Gazette digitisation in 48 hours

Adi Eyal
OpenUp
Published in
4 min readOct 18, 2019

Saving South Africa’s history 1 gazette at a time

OpenUp developed Open Gazettes in 2016 as part of a larger project to collect information about corporations. At the time of writing the website contains 36611 national and provincial gazettes. Recently, the University of Cape Town library donated approximately 800 volumes of national gazettes the earliest of which were published in the mid-1950s. An anxious librarian asked us to rescue them before they were pulped.

Collection of the gazettes required three trips using a bakkie (mini pick-up) filled to capacity. They are currently being stored in the board room at Codebridge.

Gazettes are important. Current gazettes can be thought of a government-wide newspaper, keeping the public informed about policies, laws, trade agreements and more. Old gazettes are fascinating, and record society at the time they were published. Here are some examples from 8 January 1960:

Minumum wage for various professions — note the gender disparity.
Books banned by the Apartheid government
Illegal punchings in boxing
An anonymous donation to the taxman!

Call me a nerd, but I love this stuff.

A little more relevant to the current debates around land ownership in South Africa — a list of plots confiscated by the Apartheid government.

Digitisation campaign

Gazettes in book format are great — but largely inaccessible to the majority of potential users. Not only are they hard to get but knowing which gazette contains the information is akin to the proverbial needle in a haystack. You can use Open Gazettes to search across the entire corpus in seconds. You can also create alerts which will send you an email when new gazettes are uploaded that match your search string.

Digitisation requires scanning, running optical character recognition (OCR), indexing, and storing. Book scanning is often prohibitively expensive. Scanning book commercially costs over R2.00 / page. It is also extremely laborious, as it requires an operator to flip through each page individually.
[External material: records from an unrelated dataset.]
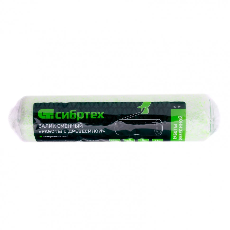 Сменный валик Сибртех «Работы с древесиной» 80185 шириной 250 мм, с ворсом 12 мм из микроволокна, диаметром 48 мм, подходит под ручку 8 мм. Он равномерно наносит на деревянный поверхности жидкие ЛКМ: антисептики, грунтовки, пропитки, защитные составы, лазурь и другие невязкие материалы. За счет ширины 250 мм валик оптимален для окрашивания больших поверхностей.ПреимуществаЭффективная работа — шубка из микроволокна отлично впитывает лакокрасочные материалы и позволяет наносить их ровным тонким слоем.Быстрая установка — валик имеет классическую конструкцию с внутренней трубкой, поэтому подготовка к работе не займет много времени.Равномерное окрашивание — шубка выполнена без швов, а ее края аккуратно острижены, поэтому валик не оставляет следов на поверхности.Высокий ресурс — термически приклеенная шубка не соскальзывает и не отслаивается от ролика, поэтому валик выдерживает многократное использование.Высокое качество — валик изготовлен с применением новейшей технологии Termofusion Coinjection.
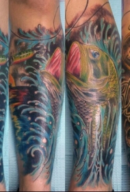 手臂彩色鱼海面与字母纹身图案
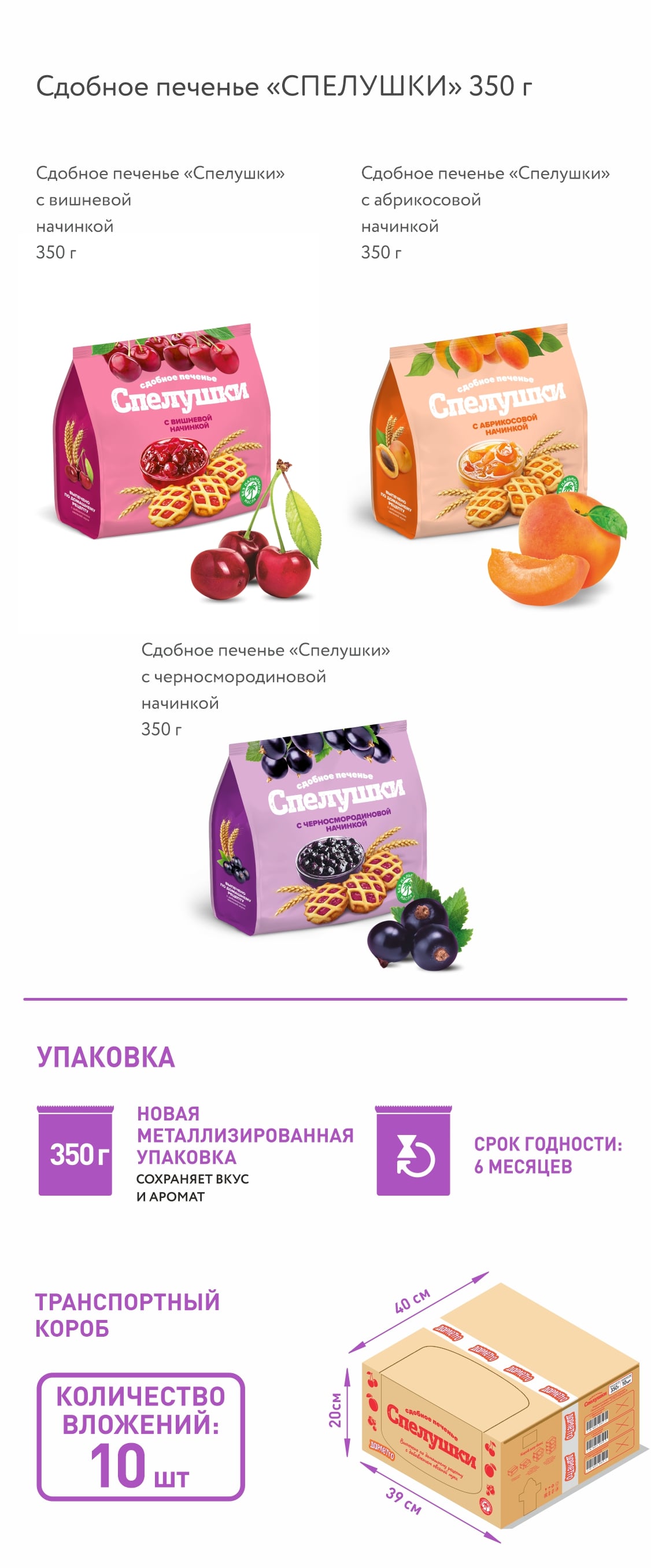 Сдобное печенье Спелушки – это рассыпчатое тесто, фруктовая начинка и неповторимый аромат начинок собственного производства - идеальный выбор для любителей домашней выпечки.
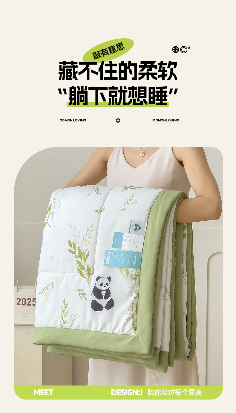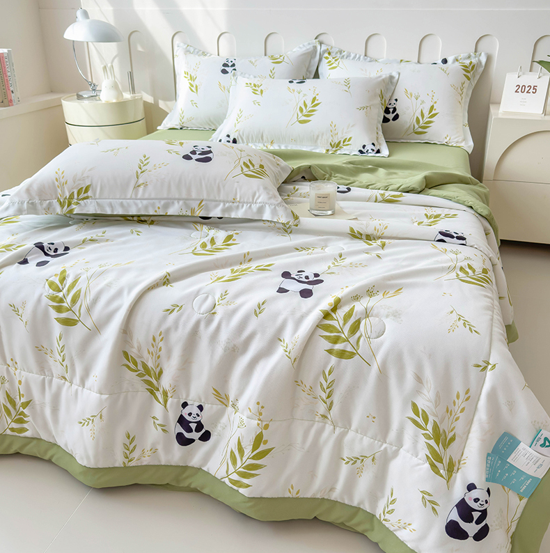 宝士康家纺 2025新款10A抗菌针织夏被四件套 熊猫乐园

A cheaper approach is to chop the spines from the books using a guillotine and run the pages through a feeder. Even though this approach is an order of magnitude cheaper than preserving the integrity of the book, it can still cost 30c / page, i.e. approximately R225,000 for the entire collection gifted to us. It also not pain-free, pages get stuck in the feeder (the gazette pages are thinner than normal) and require constant supervision.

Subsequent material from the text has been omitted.